TexSmart: A Text Understanding Toolkit and Service

TexSmart is a text understanding system built by the NLP Team at Tencent AI Lab, which is used to analyze morphology, syntax and semantics for text in both Chinese and English. Besides supporting common features such as word segmentation, part-of-speech tagging, named entity recognition, syntactic analysis, semantic role labeling, text classification, text matching, text normalization (case recovery for English), TexSmart provides special features such as fine-grained named entity recognition, semantic expansion, deep semantic expression and so on. Also, TexSmart add the text graph module, which provides the knowledge retrieval of many important relations for short texts or words. Text understanding technologies, which are used for structural analysis and processing of natural language, have been widely applied in search engines, personalized recommendation systems, advertisement matching, intelligent dialogue systems and beyond.
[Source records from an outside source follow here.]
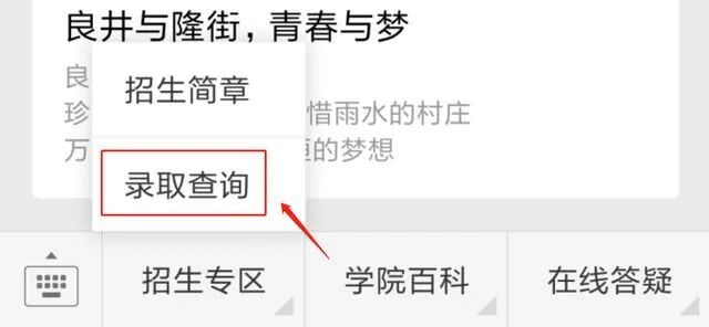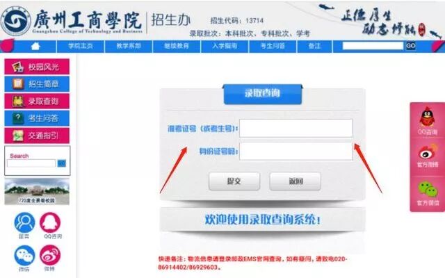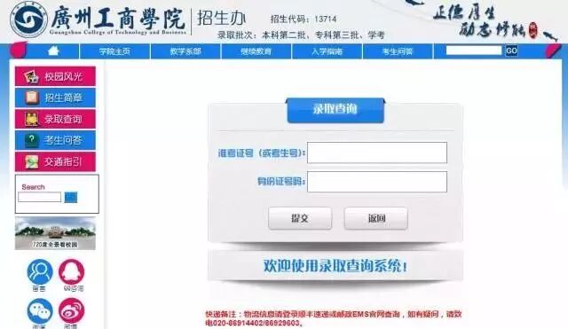 征集志愿投档查询方式 一、官方微信查询 关注“广州工商学院招生办”微信公众号 01 点击:招生专区 02 点击:录取查询 03 输入身份证号或准考证号即可查询 二、广州工商学院招生办官网查询 01 登录招生官网:http://www.gzgs.org.cn/ 02 点击:招生就业——招生信息 03 点击:录取查询 04 输入身份证号或准考证号即可查询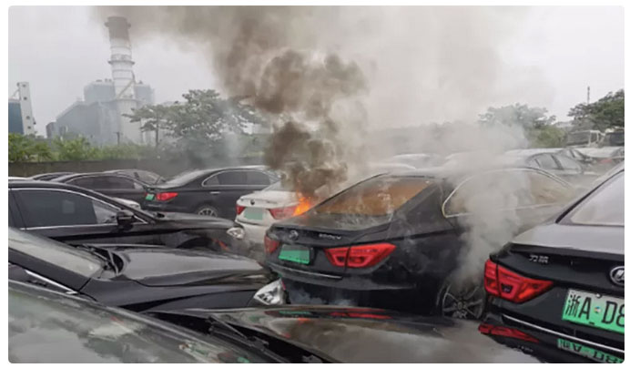 無獨有偶,昨天杭州拱墅區(qū)康橋街道平安橋村委會旁的停車場內(nèi)也發(fā)生了一起新能源汽車著火的事情。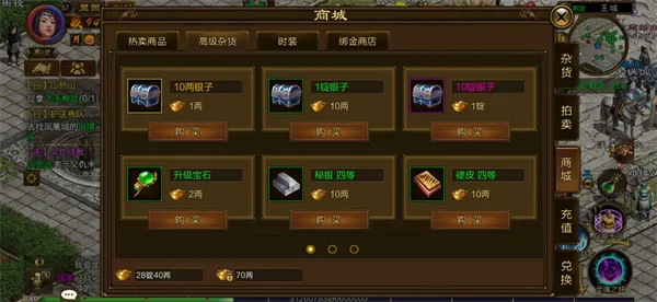 商城有出售升级宝石、硬皮、秘银,只要花费金子就能购买,也可在绑金商店使用绑定金子购买秘银、硬皮。每周商城还会退出限购礼包,可根据自己的策略购买礼包哦!
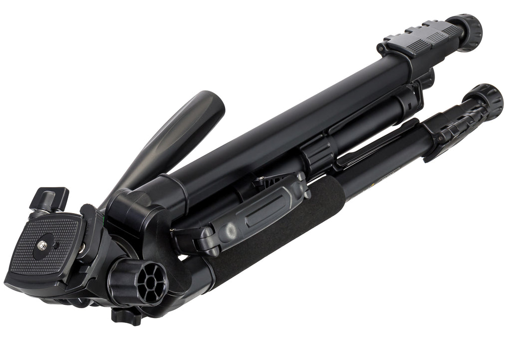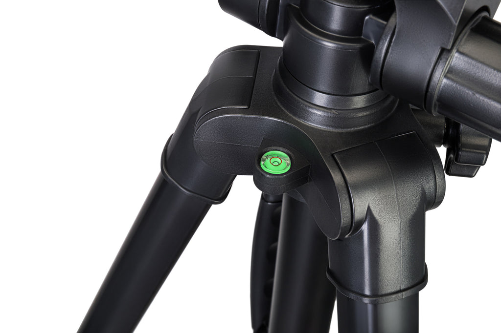 Il treppiede presenza un’ampia gamma di regolazioni dell’altezza. Innanzitutto, è possibile estendere le gambe telescopiche. Secondariamente, la colonna centrale può essere rialzata. L’altezza massima è paria a 1760 mm. La livella a bolla consente di posizionare la fotocamera parallelamente al suolo. Per rendere il treppiede più stabile, è possibile appendere un contrappeso a un gancio sulla colonna centrale.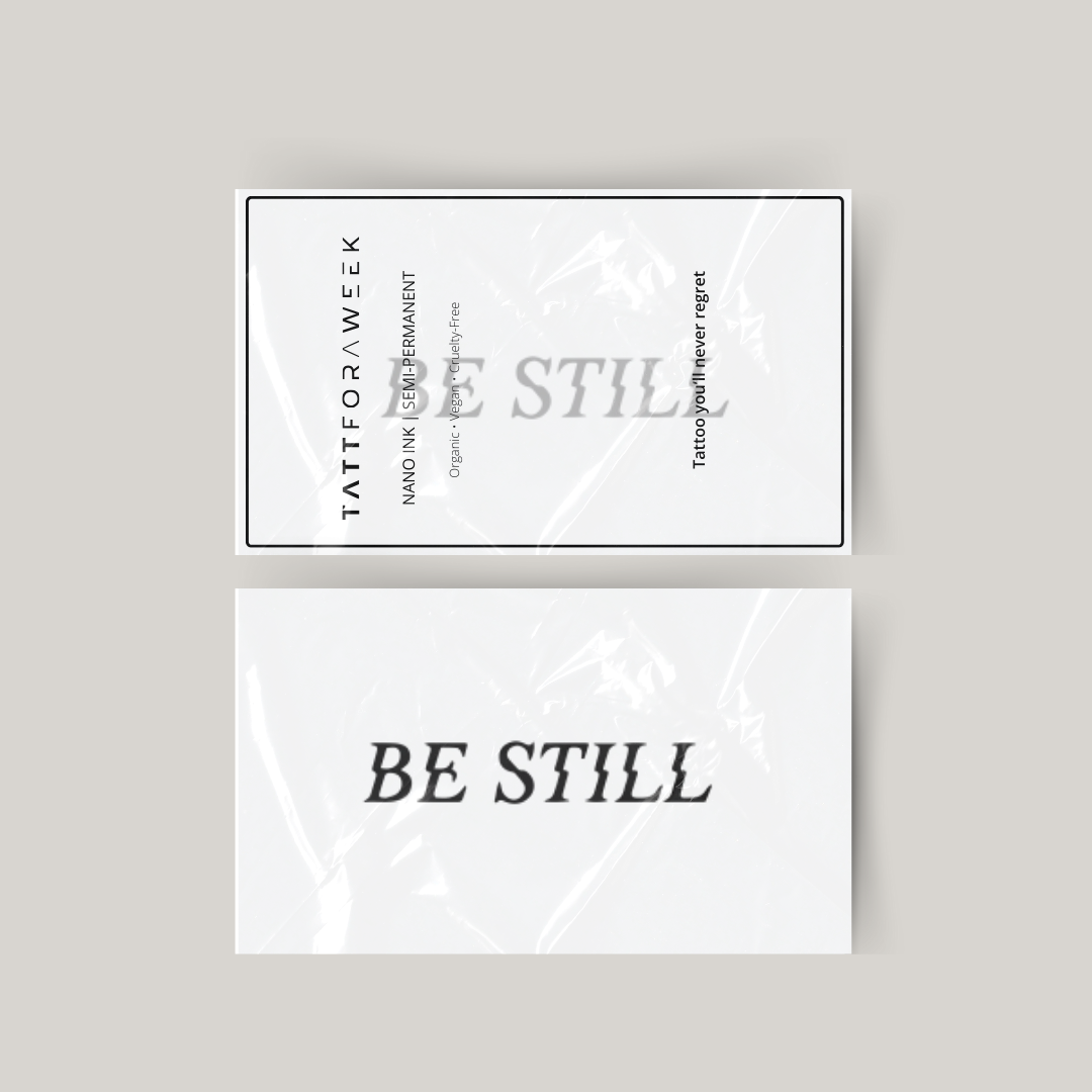 tymczasowy tatuaż bądź spokojny może pozostać na miejscu nawet do 2 tygodni.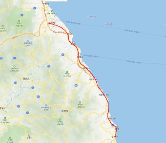 북쪽 끝은 강원도 고성군의 통일전망대입니다. 여기서는 남북 분단의 현실을 느낄 수 있으며, 맑은 날이면 북녘 땅이 보이기도 합니다. 속초, 양양, 강릉, 동해, 삼척 등 강원도의 주요 해안 도시를 지나며 각 지역마다 특색 있는 풍경과 문화를 체험할 수 있습니다.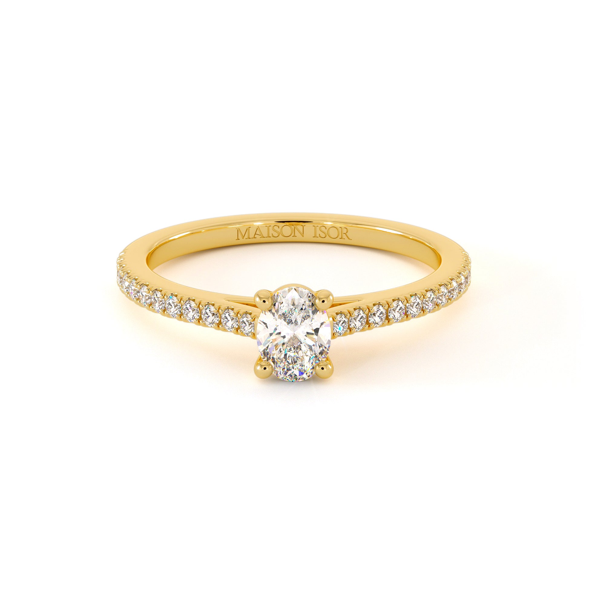 Élégance et éclat se rencontrent dans le solitaire MYLAH en diamant taille ovale accompagné. La pierre centrale, taillée en ovale, offre une silhouette allongée et lumineuse, sublimant la beauté naturelle du diamant.
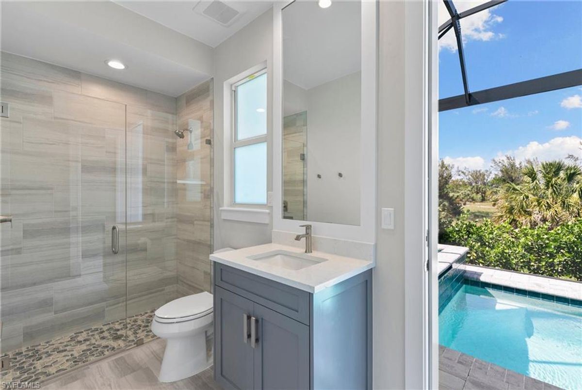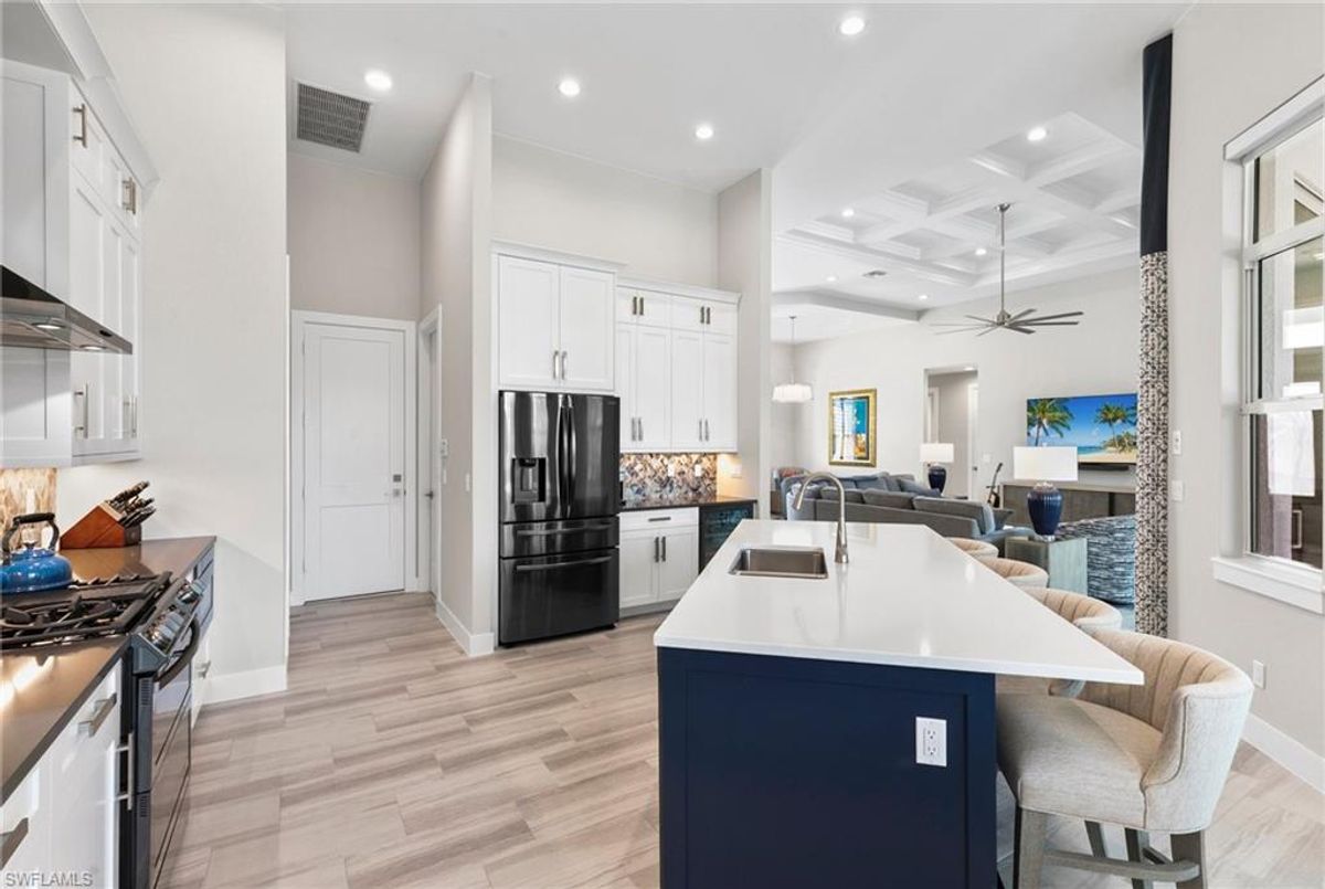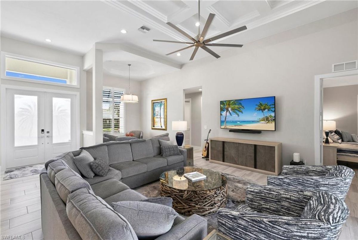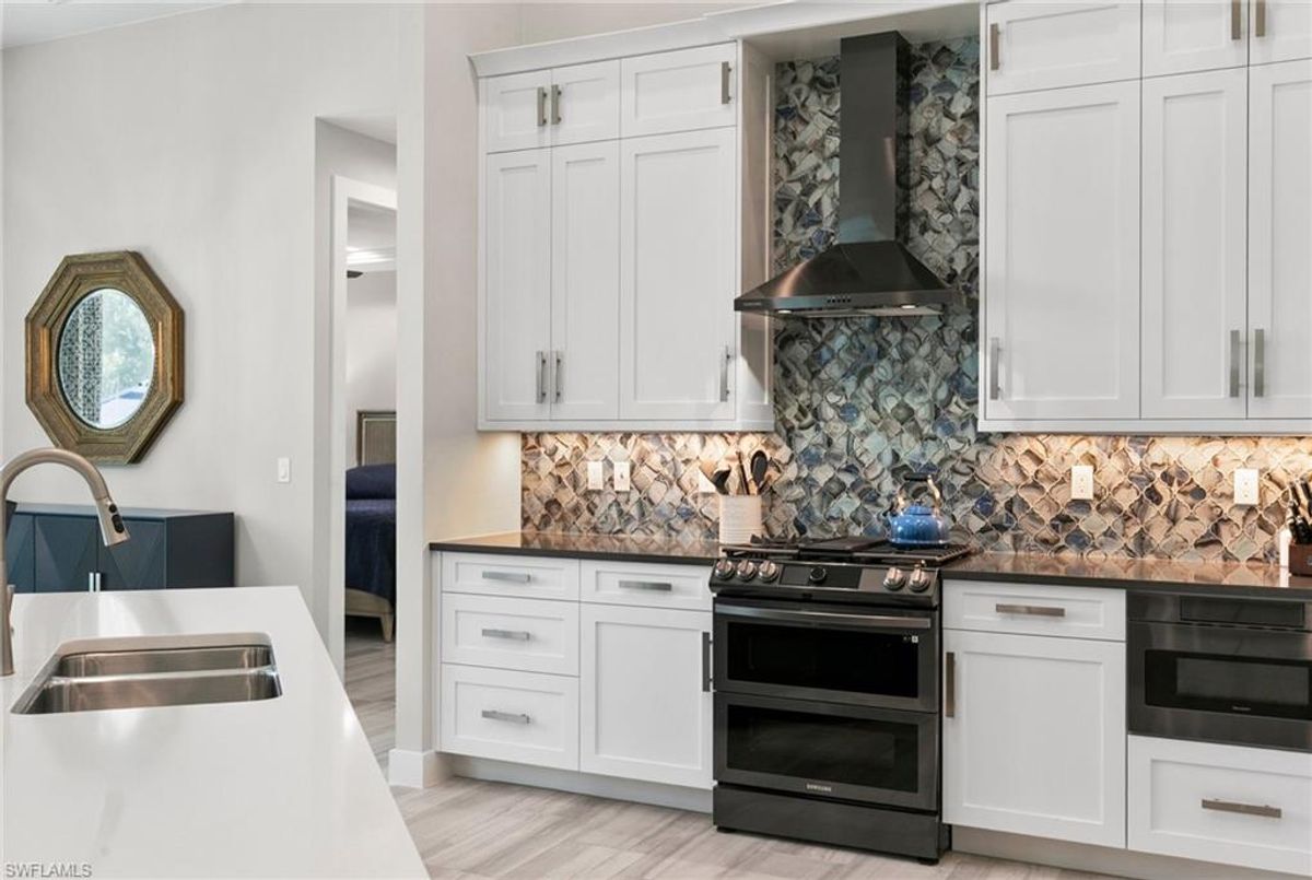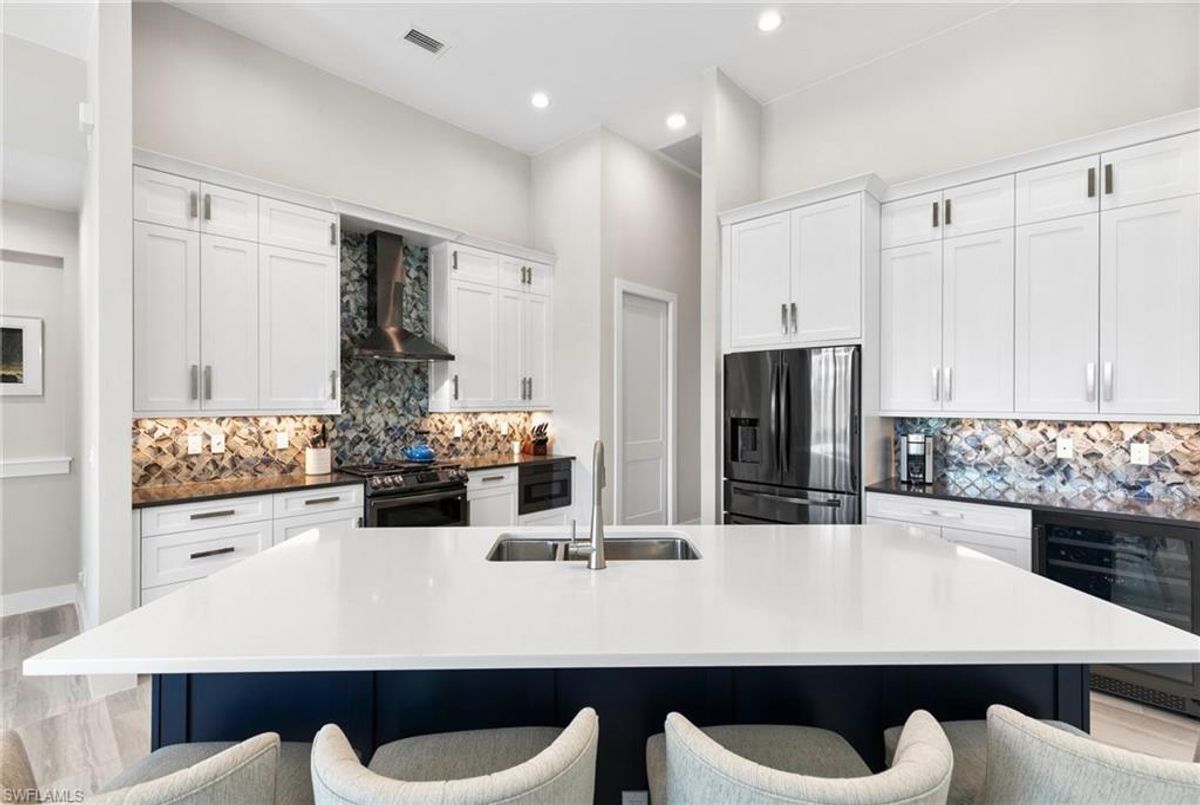 Welcome home to beautiful Marco Island! This 4-bedroom plus den, 3-bathroom 2024 new build single-family residence offers modern luxury and convenience while also providing serene nature views, with your backyard being the Marco Island Nature Preserve and Bird Sanctuary. Step inside to a spacious and elegantly designed interior, featuring an open floor plan, volume ceilings, and premium finishes. The exquisite kitchen boasts a top quality gas stove, high-end appliances, built-in wine cooler, and stunning quartz countertops with supremely crafted cabinets, with open access to the dining and living rooms. The primary bedroom provides unbeatable comfort, with french door lanai access, recessed lighting, his and hers walk-in closets, and a stupendous bathroom with walk-in shower and separate tub. Split from the primary, three guest bedrooms also impress, one en-suite, and all with pleasant natural light. The den, immediately to the right upon entry, provides the perfect space for a home office or media room. This house is absolutely built with the Southwest Florida environment in mind; upgraded to 10 foot elevation, protective storm shades, picture and privacy screens on the lanai, and a whole-house gas generator means that paradise is never interrupted. Enjoy outdoor living at its finest with a summer kitchen, complete with a refrigerator and a built-in gas barbecue, and a sparkling pool and spa, all set against the backdrop of the Island's natural beauty. Pocket Sliders that lead out to the lanai are 10 feet tall, maximizing your view. Getting to and from the home is a breeze as well, with an air conditioned 2-car garage for parking and a convenient circular paver driveway. With a relaxing neighborhood surrounding the sanctuary and Tiger tail Beach just over half a mile away, this location will not fail to please. This is an amazing opportunity to own a new home with spectacular updates in a pristine Island location, take an opportunity to have a look.

For more details about TexSmart, please check the technical report.

Key Features of TexSmart

Compared with other public natural language processing tools, TexSmart supports several unique features as follows.

Key Feature 1: Fine-grained Named Entity Recognition

TexSmart supports one thousand entity types with hierarchical structure, while others, at present, only support a few or a dozen of (coarse-grained) entity types such as person, location, organization, etc. Large-scale fine-grained entity types are expected to provide richer semantic information for downstream NLP applications.

Table 1 and 2 provide a comparison of TexSmart and an existing open source text understanding tool on an example English sentence.

Captain Marvel¹ was premiered in Los Angeles² 14 months ago³.

Table 1 The function of TexSmart in fine-grained named entity recognition and enhanced semantic understanding (May 2020)
No.	Entity	Type id	Type Name	Semantic
1	Captain Marvel	work.movie	Movie	{"related":["Spider-Man","Iron Man","Batman","Hulk","Captain America","Thor","Superman","X-Men","Wolverine","Avengers"]}
2	Los Angeles	loc.city	City	{"related":["Toronto","Chicago","Montreal","Boston","London","Vancouver","Paris","Ottawa","Seattle","Sydney"]}
3	14 months ago	time.generic	Time	{"value":[2019,3]}

Captain Marvel¹ was premiered in Los Angeles² 14 months ago.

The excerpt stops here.